Thomas Merton calls the pure in heart those who work with simple intention. He writes,
The man of simple intention works in an atmosphere of prayer: that is to say he is recollected. His spiritual reserves are not all poured out into his work, but stored where they belong, in the depths of his being, with his God. He is detached from his work and from its results. Only a person who works purely for God can at the same time do a very good job and leave the results of the job to God alone. [Ibid., 61.]
Blessed are the peacemakers, for they will be called children of God. Jesus was nonviolent up to the end. On the night of Jesus’ arrest, when one of his disciples pulled out a sword to defend him, Jesus told him to put it away. In our nation of guns and mass murders, of children being shot in their schools, we are called to be peacemakers. This nation creates arms that are big business supplying wars all over the globe. What a reputation. This supposedly Christian nation is expert at making war. It is US arms that supply Israel so that Netanyahu can blow up Palestinian babies. We, as peacemakers, must speak out. We must live nonviolently, practice peace in our hearts, peace in our relationships, and peace in the world.
And we must be the prophetic voices, even at the risk of being persecuted for Jesus’ sake. Gene L. Davenport says, “To ignore the call to bear witness in the midst of the darkness is to allow the darkness to go unchallenged, unresisted.” [Ibid., 69.]
Kathy Escobar writes,
Jesus told us his ways were harder. He said that to follow him meant we were going to have to give up everything familiar, that people would think we were crazy, that we’d be poor, persecuted, and rejected, and that we’d lose our security and so many other things we held dear. At the same time, he told us we’d also find life. [Ibid., 26.]

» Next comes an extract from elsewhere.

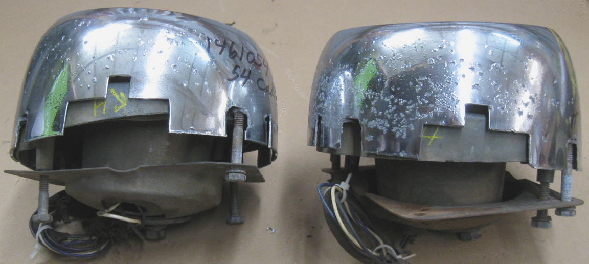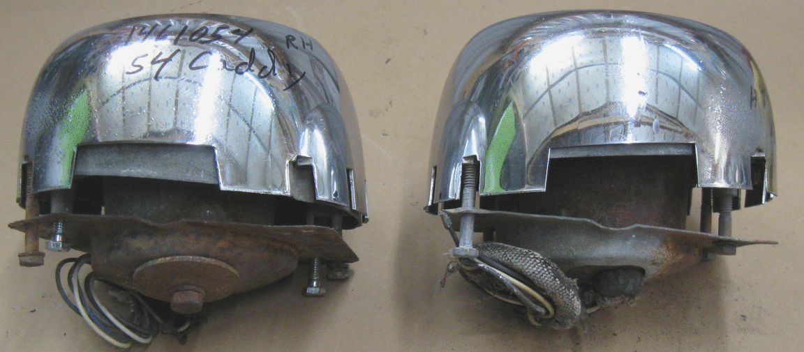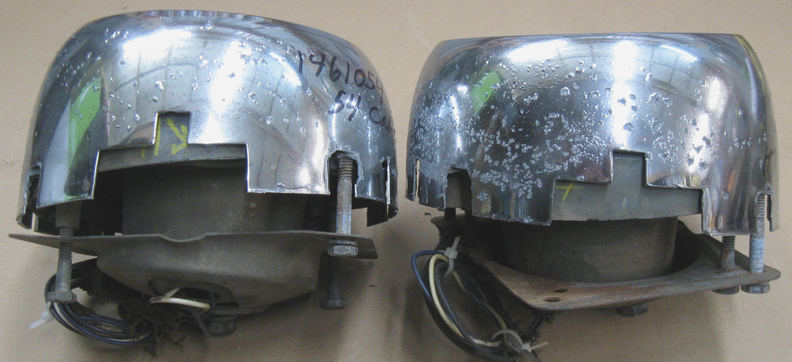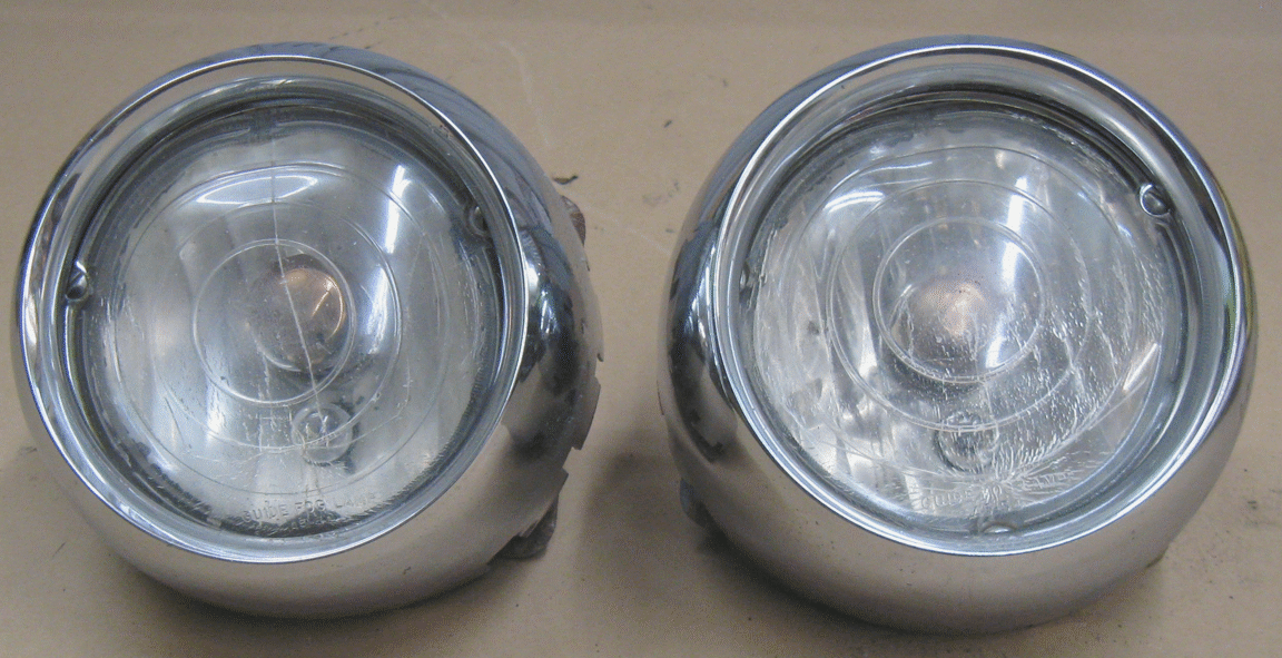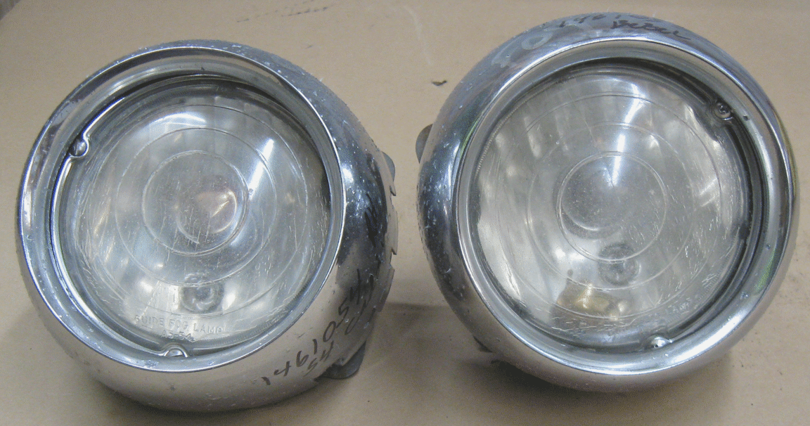 | Guide | 54 | Park light | Assembly with Chrome wing, LH, Lens and bezel is 3" dia., Used - Good lens - Chrome has some pits but still shines (have 1) |

This is the blessing of the Beatitudes. Not to be prosperous, to have ample food, abundant crops, many healthy children, to be at the top of the heap. The Beatitudes are about the power of the poor, the forgotten, the marginalized, to tap into God’s love with pure hearts and a complete lack of ego, to speak out for justice, to wage peace, even at the risk of persecution. Jesus sets the bar impossibly high—so high that some see this Sermon on the Mount as aspirational but not achievable, as if he didn’t really mean it. He meant it.
So as we explore the Sermon on the Mount over the next two months, I invite you to wrestle with the question, “How am I called to respond to Jesus’ teachings? How can I live them out?” Because as much as Jesus invites us to change, he also invites us to life full of blessings. Amen.